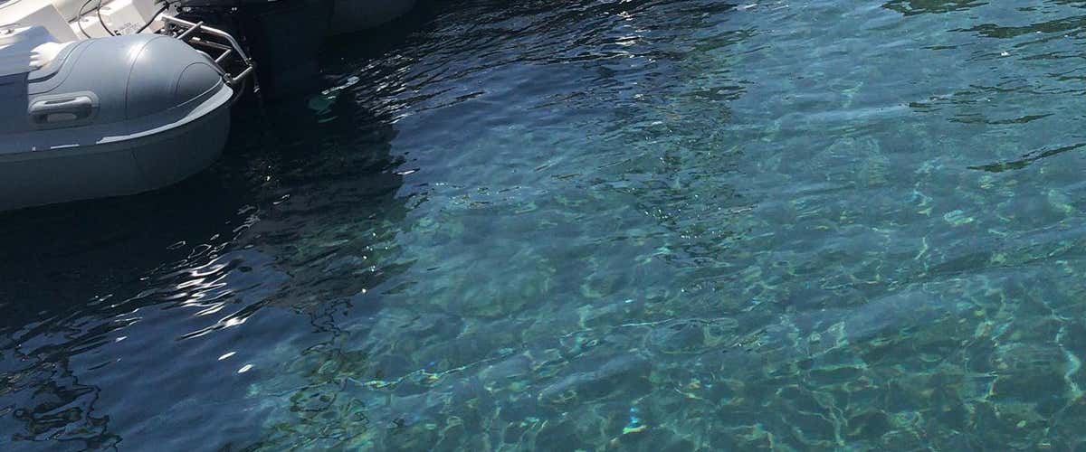 The dinghy, 5.80 metres long and powered by a 40 HP engine, is equipped with every comfort on board, including an awning to protect you from the sun, soft cushions for your relaxation, and a ladder that will make it easy and safe to get up from the water.
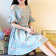 2017夏装新款连衣裙印花宽松文艺小清新喇叭袖中长款纱网拼接裙
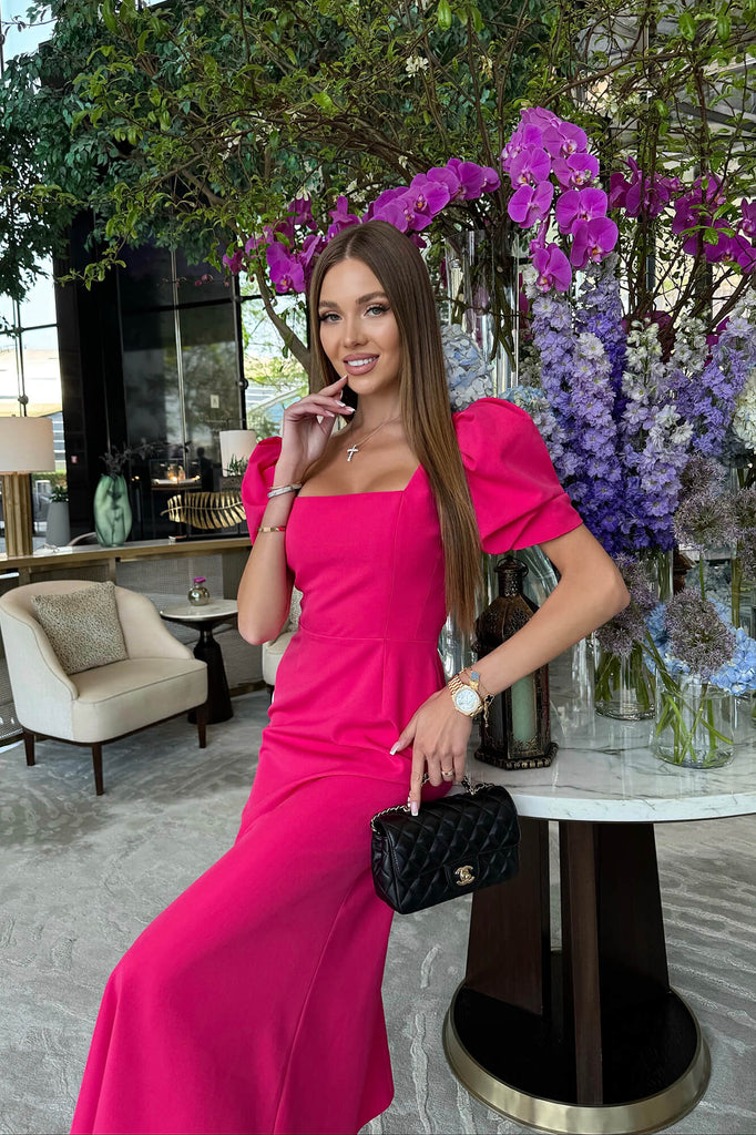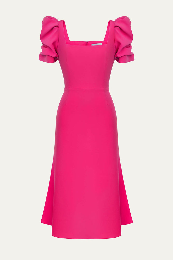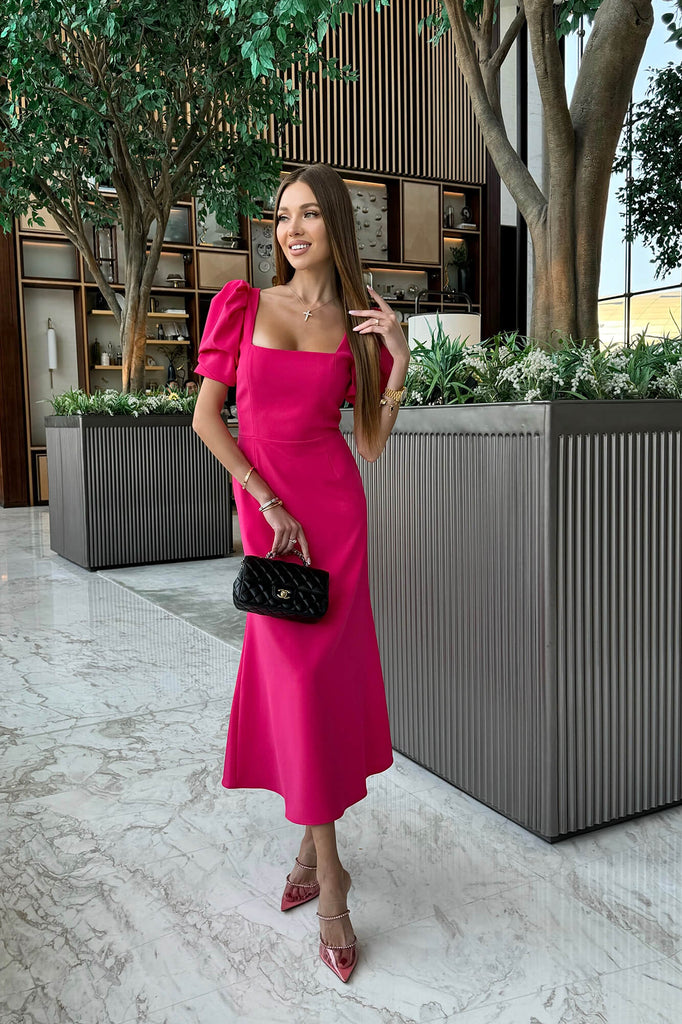 Tea party in the garden with the closests. This silhouette midi dress in Fuchsia with a godet skirt is for those who opt for a classy look but want to add a little zest while keeping it minimalistic. Trendy square neck makes the appearance elegant and short sleeves make this garment perfect to be your lovely summer outfit. Lined.
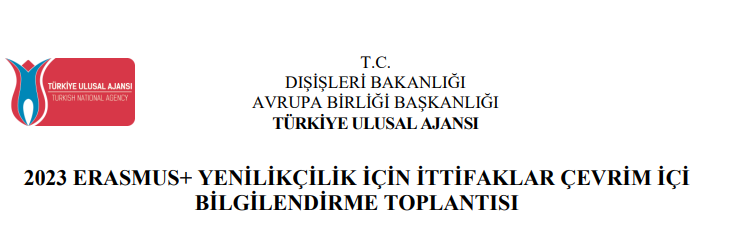 Bu kapsamda 2023 yılı Erasmus+ "Yenilikçilik İçin İttifaklar" projeleri hakkında bilgilendirme yapılması ve iyi uygulama örneklerinin sunulması amacıyla Türkiye Ulusal Ajansı ve AB Başkanlığı işbirliğinde 23 Şubat 2023 Perşembe saat 14:15'de çevrimiçi etkinlik düzenlenecektir.
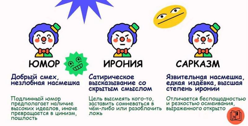 Сарказм, с другой стороны, является формой грубого иронического высказывания, имеющего целью высмеять, унизить или осмеять другого человека, группу или идею. Отличие между иронией и сарказмом заключается в том, что сарказм более явный и агрессивный в своем характере.
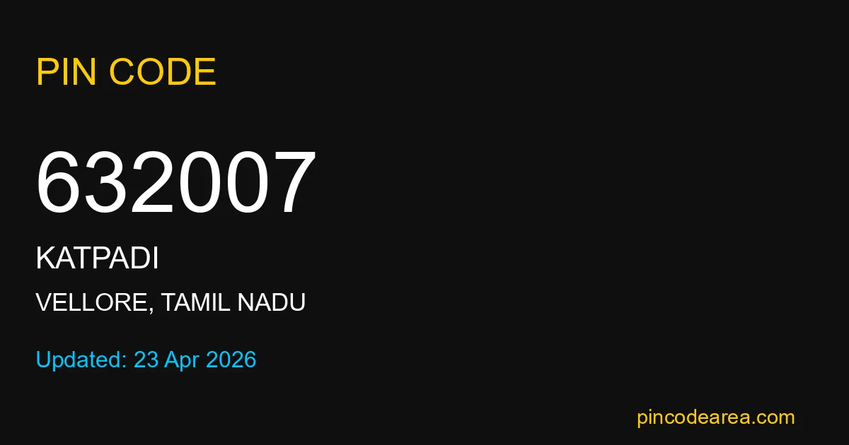 If you are searching for accurate location details, 632007 helps identify the exact postal region of Katpadi in Tamil Nadu.

> What you are asked to do:
Print exactly the first line of the entries and every line after it through the one that contains "Bu kapsamda 2023", leaving the pictures out.

> Your solution:
 The dinghy, 5.80 metres long and powered by a 40 HP engine, is equipped with every comfort on board, including an awning to protect you from the sun, soft cushions for your relaxation, and a ladder that will make it easy and safe to get up from the water.
 2017夏装新款连衣裙印花宽松文艺小清新喇叭袖中长款纱网拼接裙
 Tea party in the garden with the closests. This silhouette midi dress in Fuchsia with a godet skirt is for those who opt for a classy look but want to add a little zest while keeping it minimalistic. Trendy square neck makes the appearance elegant and short sleeves make this garment perfect to be your lovely summer outfit. Lined.
 Bu kapsamda 2023 yılı Erasmus+ "Yenilikçilik İçin İttifaklar" projeleri hakkında bilgilendirme yapılması ve iyi uygulama örneklerinin sunulması amacıyla Türkiye Ulusal Ajansı ve AB Başkanlığı işbirliğinde 23 Şubat 2023 Perşembe saat 14:15'de çevrimiçi etkinlik düzenlenecektir.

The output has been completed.